*ASSIGNED TASK*: Exactly and only the lines below from the one containing "Köket har vita" down to the one containing "Entdecken Sie die" are wanted, both included; please exclude every picture.

*INPUT*:
┌──

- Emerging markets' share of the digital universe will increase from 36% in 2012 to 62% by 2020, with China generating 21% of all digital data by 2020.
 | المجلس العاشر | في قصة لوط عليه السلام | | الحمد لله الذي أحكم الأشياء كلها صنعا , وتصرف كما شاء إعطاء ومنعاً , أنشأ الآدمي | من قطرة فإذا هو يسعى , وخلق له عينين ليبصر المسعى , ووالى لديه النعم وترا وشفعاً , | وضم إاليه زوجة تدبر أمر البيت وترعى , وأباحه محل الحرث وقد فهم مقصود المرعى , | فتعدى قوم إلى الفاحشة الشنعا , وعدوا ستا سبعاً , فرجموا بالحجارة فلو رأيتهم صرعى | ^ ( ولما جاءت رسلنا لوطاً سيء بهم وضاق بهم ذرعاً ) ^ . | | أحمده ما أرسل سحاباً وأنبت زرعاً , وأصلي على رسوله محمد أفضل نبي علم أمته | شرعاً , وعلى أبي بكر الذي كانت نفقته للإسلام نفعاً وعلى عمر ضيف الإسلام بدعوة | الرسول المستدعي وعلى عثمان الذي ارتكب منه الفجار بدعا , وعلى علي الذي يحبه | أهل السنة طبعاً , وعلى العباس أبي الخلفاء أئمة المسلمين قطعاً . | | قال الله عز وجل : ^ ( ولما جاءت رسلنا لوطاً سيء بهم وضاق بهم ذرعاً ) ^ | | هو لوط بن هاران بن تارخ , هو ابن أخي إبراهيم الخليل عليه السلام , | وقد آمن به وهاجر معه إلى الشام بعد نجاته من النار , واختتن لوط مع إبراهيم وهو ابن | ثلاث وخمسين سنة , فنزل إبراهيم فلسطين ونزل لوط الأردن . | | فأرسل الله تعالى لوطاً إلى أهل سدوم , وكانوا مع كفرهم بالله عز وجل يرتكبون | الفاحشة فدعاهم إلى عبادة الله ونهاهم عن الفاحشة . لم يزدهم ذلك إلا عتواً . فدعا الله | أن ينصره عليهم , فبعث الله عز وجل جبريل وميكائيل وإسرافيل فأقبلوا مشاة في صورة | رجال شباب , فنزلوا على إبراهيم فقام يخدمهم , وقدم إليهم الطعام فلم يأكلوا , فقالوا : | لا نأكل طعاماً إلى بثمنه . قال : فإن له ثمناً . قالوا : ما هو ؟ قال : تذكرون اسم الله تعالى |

└──
┌──

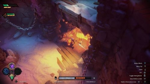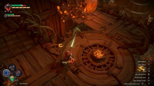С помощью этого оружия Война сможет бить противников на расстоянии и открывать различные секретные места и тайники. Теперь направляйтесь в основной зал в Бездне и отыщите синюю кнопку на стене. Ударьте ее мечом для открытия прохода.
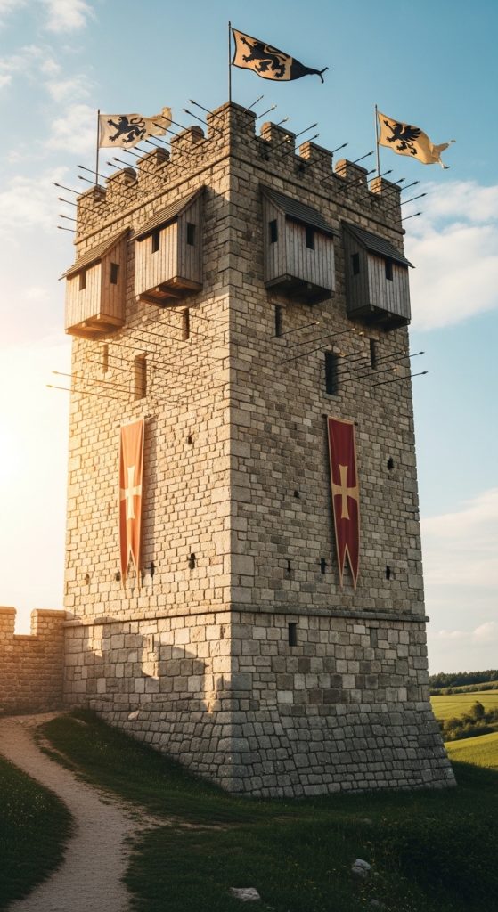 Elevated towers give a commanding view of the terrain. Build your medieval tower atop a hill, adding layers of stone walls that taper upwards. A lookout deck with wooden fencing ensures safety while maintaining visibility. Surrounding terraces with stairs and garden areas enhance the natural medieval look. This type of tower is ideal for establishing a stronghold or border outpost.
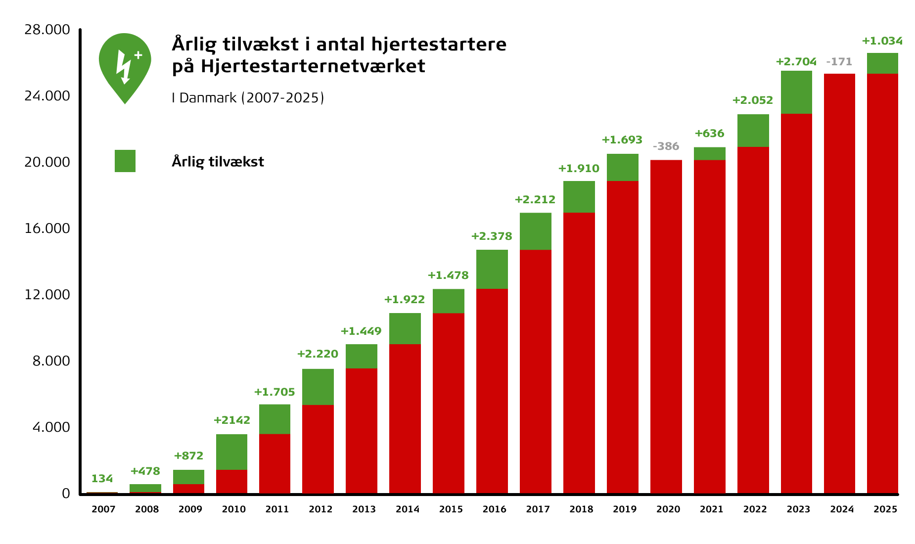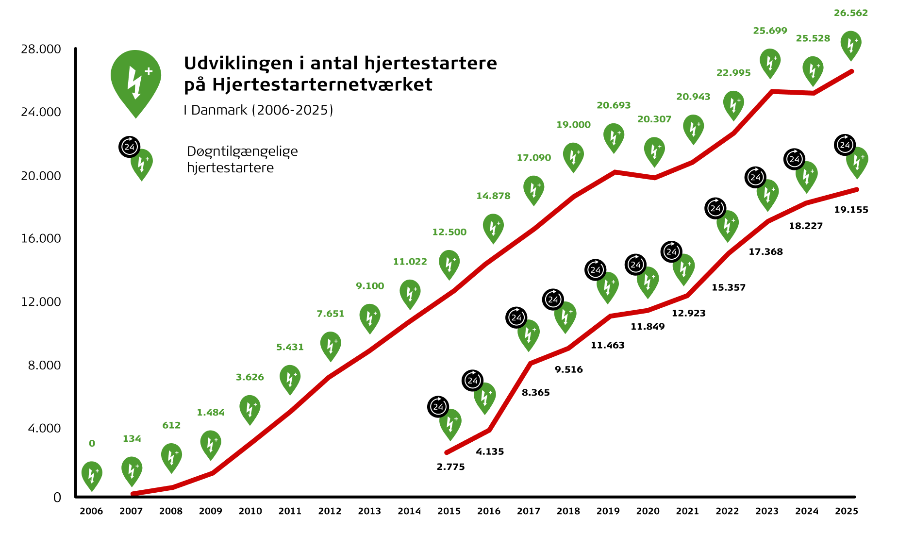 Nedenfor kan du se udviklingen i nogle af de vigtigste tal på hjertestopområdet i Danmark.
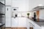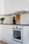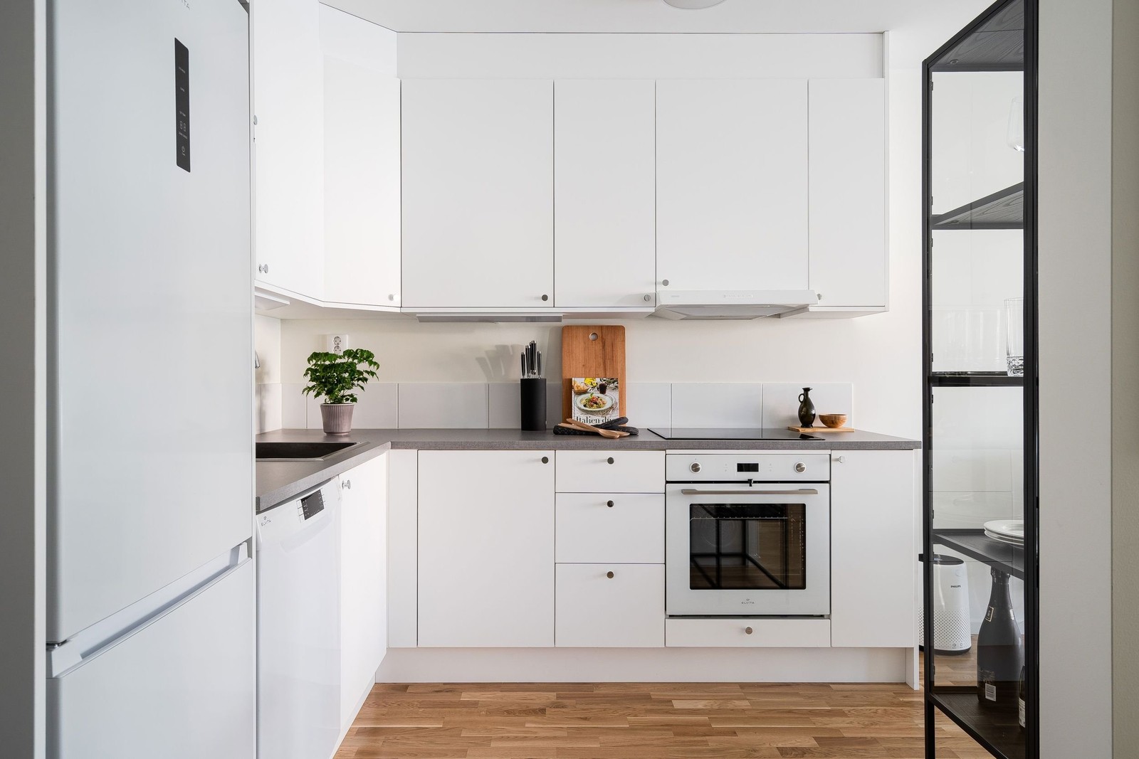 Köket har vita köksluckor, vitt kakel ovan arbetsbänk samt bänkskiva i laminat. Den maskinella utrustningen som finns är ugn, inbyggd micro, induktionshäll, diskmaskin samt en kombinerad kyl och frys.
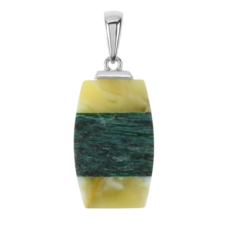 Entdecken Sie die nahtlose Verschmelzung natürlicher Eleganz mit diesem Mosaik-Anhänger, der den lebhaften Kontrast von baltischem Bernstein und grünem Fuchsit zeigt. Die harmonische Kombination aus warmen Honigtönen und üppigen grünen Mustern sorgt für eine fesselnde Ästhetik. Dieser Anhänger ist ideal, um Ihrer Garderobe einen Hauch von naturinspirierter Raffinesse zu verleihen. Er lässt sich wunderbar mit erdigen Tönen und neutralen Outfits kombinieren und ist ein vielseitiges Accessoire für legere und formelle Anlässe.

└──

*RESULT OF THIS TASK*:
 Köket har vita köksluckor, vitt kakel ovan arbetsbänk samt bänkskiva i laminat. Den maskinella utrustningen som finns är ugn, inbyggd micro, induktionshäll, diskmaskin samt en kombinerad kyl och frys.
 Entdecken Sie die nahtlose Verschmelzung natürlicher Eleganz mit diesem Mosaik-Anhänger, der den lebhaften Kontrast von baltischem Bernstein und grünem Fuchsit zeigt. Die harmonische Kombination aus warmen Honigtönen und üppigen grünen Mustern sorgt für eine fesselnde Ästhetik. Dieser Anhänger ist ideal, um Ihrer Garderobe einen Hauch von naturinspirierter Raffinesse zu verleihen. Er lässt sich wunderbar mit erdigen Tönen und neutralen Outfits kombinieren und ist ein vielseitiges Accessoire für legere und formelle Anlässe.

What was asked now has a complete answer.